We reached out to approximately 60 faculty, fellows, and residents of whom 11 responded (11/60, 18%). We were able to schedule 8 users in our recruitment window. There were 63% (5/8) male participants and 38% (3/8) female participants. Our user sample had 6 faculty, 1 resident, and 1 fellow. We had a varied range of ages (29-69 years) and clinical experience (3-25 years) in our user group. On an average, 5 cases were presented per week per user (Table 1).

Table 1. Characteristics of study participants (n=8).

Characteristics of participants (surgeons)		Statistics
Physician training level, n (%)
	Resident postgraduate year 1-4	1 (13)
	Fellow	1 (13)
	Physician	6 (75)
Gender, n (%)
	Female	3 (38)
	Male	5 (63)
Age in years
	Mean age, (SD)	41.5 (11.67)
	Median age, (min-max)	39.5 (29-69)
Clinical experience in years
	Mean clinical experience, (SD)	13 (9.82)
	Median clinical experience, (min-max)	11.5 (3-35)
VR^a technology comfort level or exposure (past experience with three-dimensional computer games or VR simulations), n (%)		4 (50)
Case conference presentation frequency		5 cases/week

^aVR: virtual reality.

Usability Test

Effectiveness is a dimension of usability that can be measured using task completion rate, and efficiency is measured using task completion time. Certain subtasks such as selecting an image (a model), selecting a tool, marking a tumor, and using cut planes had 100% task completion rate and a short task completion time. Moving slider elements to an optimal position and selecting the annotation tool in Bosc had the worst task completion rate (0%) and the highest mean task completion time (154.57 seconds and 133.5 seconds, respectively).

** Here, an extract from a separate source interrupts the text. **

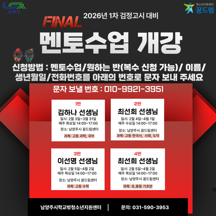 학습 멘토링 프로그램 신청은 1월 21일부터 가능하며, 참여를 희망하는 청소년은 남양주시학교밖청소년지원센터를 통해 접수하면 된다.
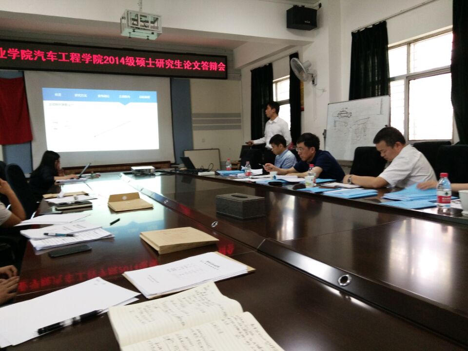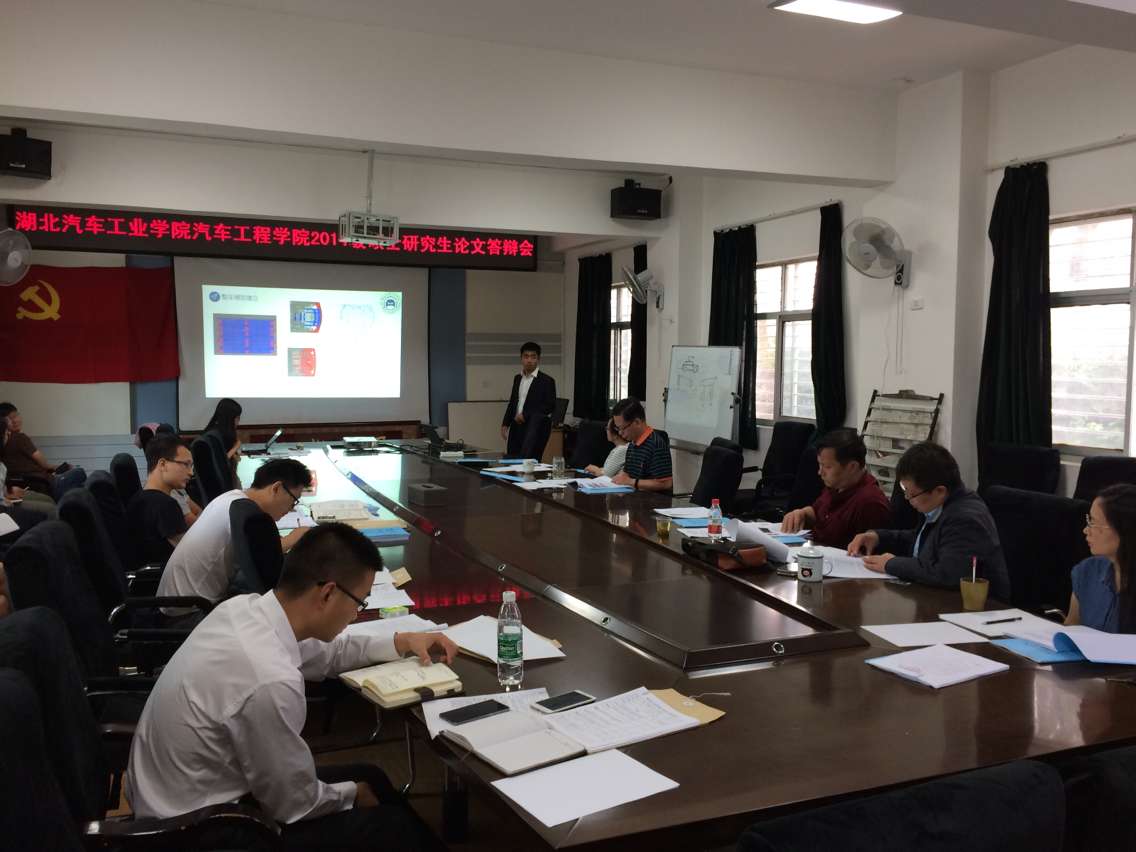 5月25日下午,9428cn太阳集团古天乐2014届硕士研究生学位论文答辩会在9428cn太阳集团古天乐会议室举行。此次答辩分为两组进行,分别由副校长罗永革、9428cn太阳集团古天乐院长王保华担任答辩委员会主席。特邀请了东风商用车技术中心研究员级高级工程师樊愉和湖北工业职业技术学院汽车工程系副主任余元强参加了答辩会。

The same pattern was observed in Medical Holodeck. The subtasks with the worst completion times (25%) were specific to the app (eg, removal of cut planes and turning filters on and off) and had the longest mean completion times (42.88 seconds and 86.13 seconds, respectively). Another task that had a poor completion rate (50%) was the adjustment of filters to a certain window, which also had a long mean task completion time of 60.75 seconds (Table 2; Figures 4 and 5).

User Satisfaction

We used the TLX to measure cognitive burden and the SUS to measure usability of each app. These are considered good measures of user satisfaction [10-12]. Subjective workload depended on the frustration the user faced with each app. In detail, there were 3 elements of the scale that contributed to most workload among users. “Frustration” was the most common (“How insecure, discouraged, irritated, stressed, and annoyed were you?”), followed by “Performance” (“How successful were you in accomplishing what you were asked to do?”), “Temporal demand” (“How hurried or rushed was the pace of the task?”), and “Mental demand” (“How mentally demanding was the task?”). No users found the apps physically demanding, as evident in the low weights it received (Table 3).

Bosc had a higher cognitive burden mean TLX score (62.71 vs 40.87) and a lower mean SUS score (37.19 vs 66.25). However, neither app passed the mean SUS score of 68 for an app to be usable [10]. Medical Holodeck was found usable by 3 users, whereas Bosc was rated usable by a single user (Table 4).

Table 2. Task completion times and task completion rate.

Task		Mean (SD), in seconds	Unassisted completion rate, %
Bosc
	Selecting the image	4 (1.12)	100
	Selecting the square tool	6.36 (3.84)	100
	Moving sliders to optimal position	154.57 (46.89)^a	0
	Selecting the annotation tool	133.5 (55.10)^a	0
	Marking the tumor	17.5 (17.14)	88
Medical Holodeck
	Selecting the heart	8.13 (8.33)	75
	Rotate the model using touch	15.83 (9.32)	96
	Find and use 1 cut plane	23.13 (17.31)	75
	Remove cut plane	42.88 (22.91)	25
	Using 2 cut planes	22.5 (11.73)	100
	Turn on and off ring filters	86.13 (45.74)	25
	Adjust resolution to 400-600 on the outermost ring filter and turn off other ring filters	60.75 (54.38)	50

^aCompleted with assistance.

Figure 4. Task completion times for BOSC.

Figure 5. Task completion times for Medical Holodeck.

Table 3. Weighted dimensions of the National Aeronautics and Space Administration-Task Load Index (NASA-TLX).

User	Mental demand	Physical demand	Temporal demand	Performance	Effort	Frustration
User 1	2	0	1	4	3	5
User 2	3	1	4	5	2	0
User 3	2	0	4	4	1	4
User 4	4	0	1	2	3	5
User 5	5	1	2	4	3	0
User 6	4	1	4	0	2	4
User 7	4	1	1	1	3	5
User 8	2	0	5	3	2	3
Mean	3.25	0.5	2.75	2.875	2.375	3.25

Table 4. Results from the system usability scale (SUS).

SUS^a (out of 100)	Bosc	Medical Holodeck
Score, mean (SD)	37.19 (22.41)	66.25 (12.87)
Users who rated the app usable (SUS >67), n (%)	1 (13)	3 (38)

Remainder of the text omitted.